Let's try to consider each client's progress potential not as a predetermined and forever-fixed factor but as a flexible continuum. In other words, it is possible that at the initial consultation, based on existing mindset, emotion, knowledge and physical condition, potential is relatively fixed. But as soon as mindset, emotion, knowledge and physical condition change, so, too, does potential. If a client is to exceed hope, we have to work to establish the fixed potential as a definitive outcome (a goal) and further establish an assessment
protocol that allows us to restate potential.

Here's an example: A new client is relatively sedentary, has limited exercise experience and has failed to maintain any significant weight loss, despite a series of restrictive diets.
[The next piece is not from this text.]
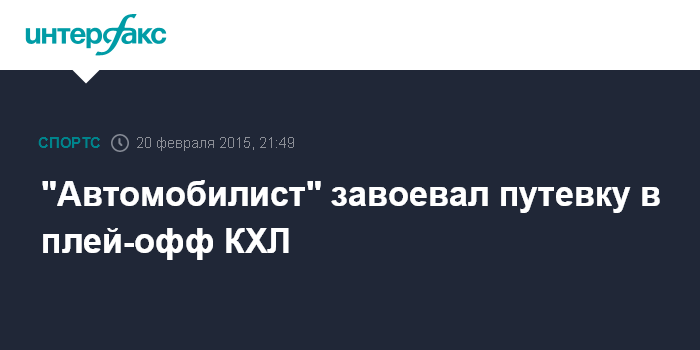 Москва. 20 февраля. INTERFAX.RU - Хоккеисты екатеринбургского клуба "Автомобилист" стали обладателями путевки в плей-офф КХЛ сезона-2014/15.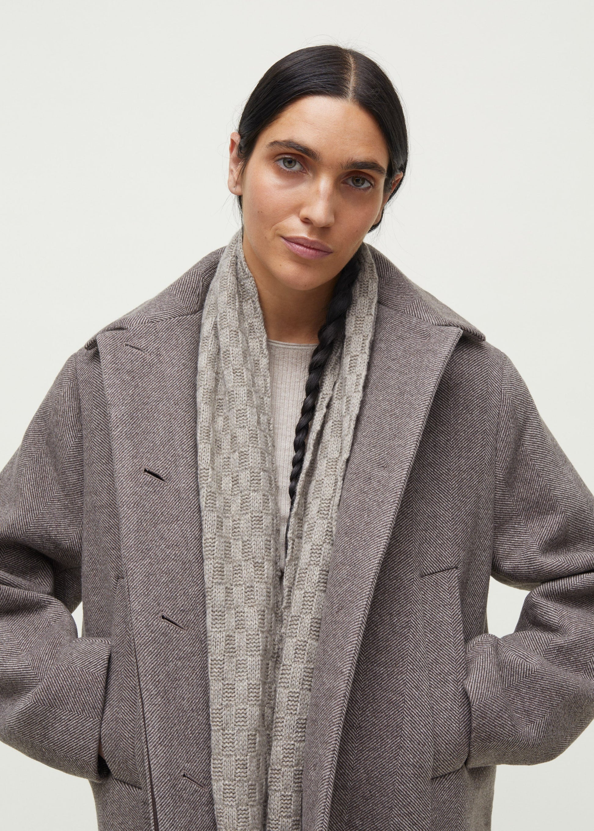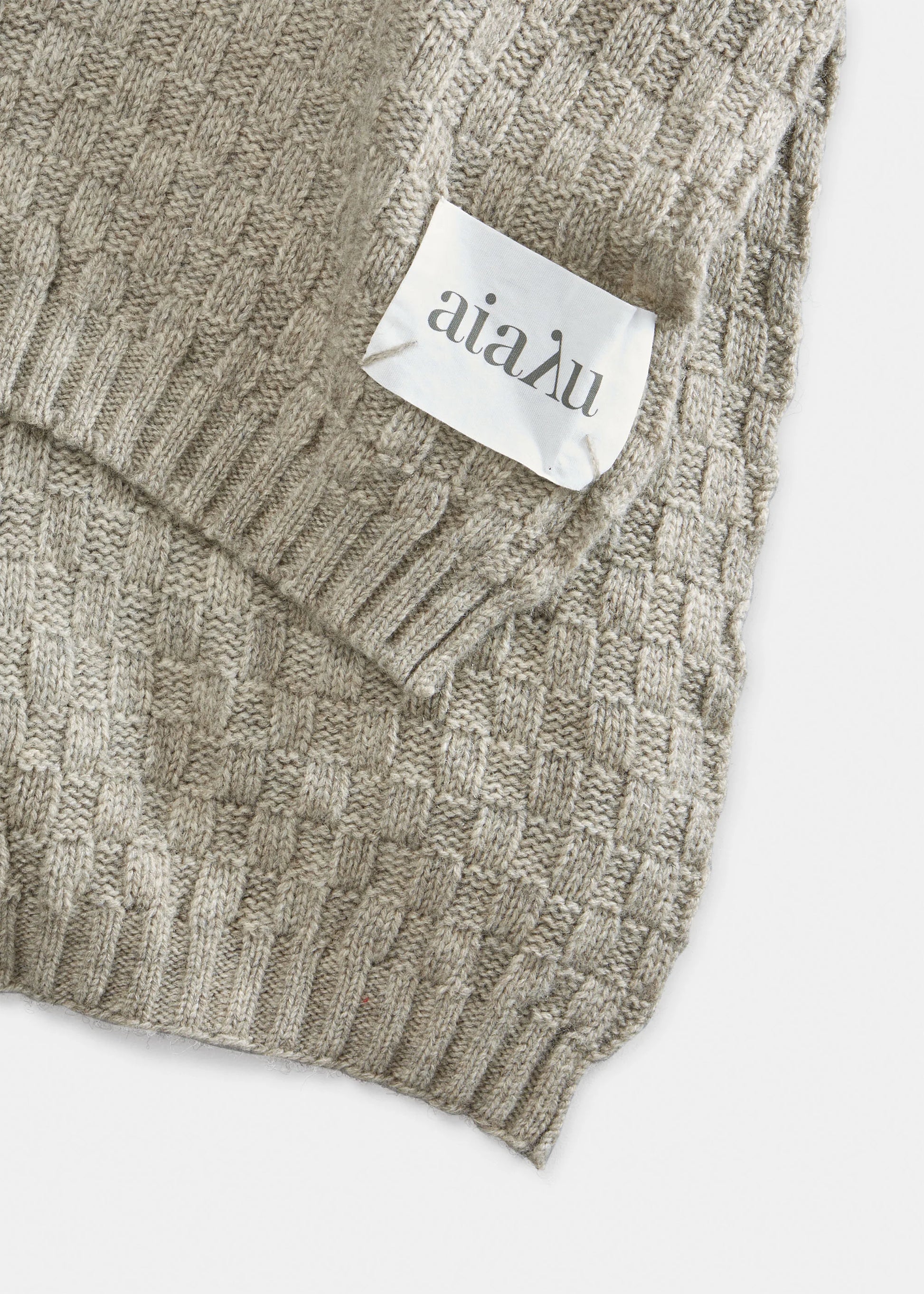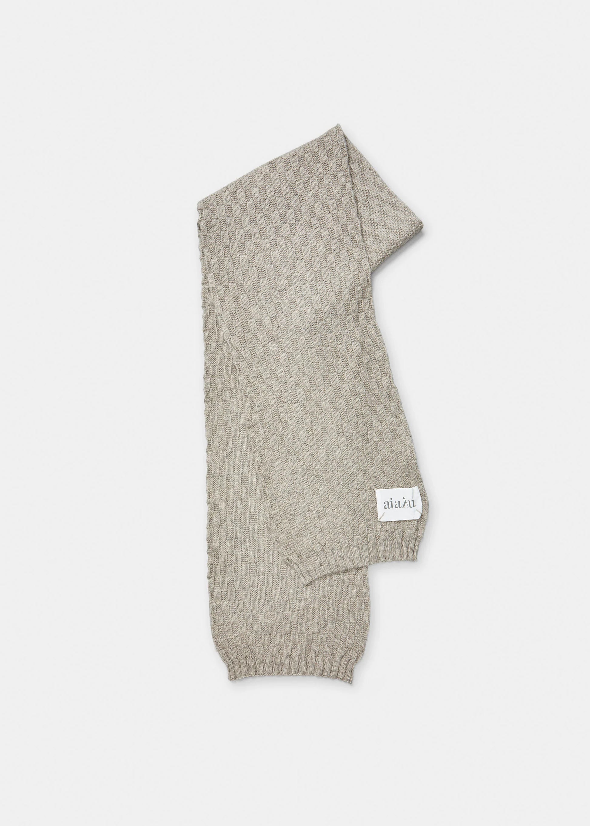Aiayu skriver; A soft, knitted scarf in a square shape with an elegant square knit pattern. The scarf is made from undyed, premium yak wool and features delicate ribbed edges, while the sides maintain a raw, natural finish.

The client expresses a desire to lose 25 pounds. If you assured this client that he or she would be able to run a marathon or even a 5K,
or regain the physical condition of 10 years earlier, your "push" would exceed perceived potential, and the perceived workload would prove discouraging.

Conversely, if you stress gradual changes in body composition and focus the initial attention on energy, supporting eating and a change in body awareness, this becomes achievable. In a 90-day assessment, you may discover that 14 pounds were lost, four pounds of lean body mass were added, and energy is
beyond anything this client can remember experiencing. With these results, not only is the goal perceived as closer, but the perception of potential has escalated. With each successive milestone, we can help the client to recognize new potential, and over the course of months, many of our clients can exceed initial
hopes. In an industry where most attempts fail, where mediocrity is celebrated,where excellence is rarely recognized, we can go beyond thrilling clients. We can lift them into an emotional stratosphere they never thought capable of reaching.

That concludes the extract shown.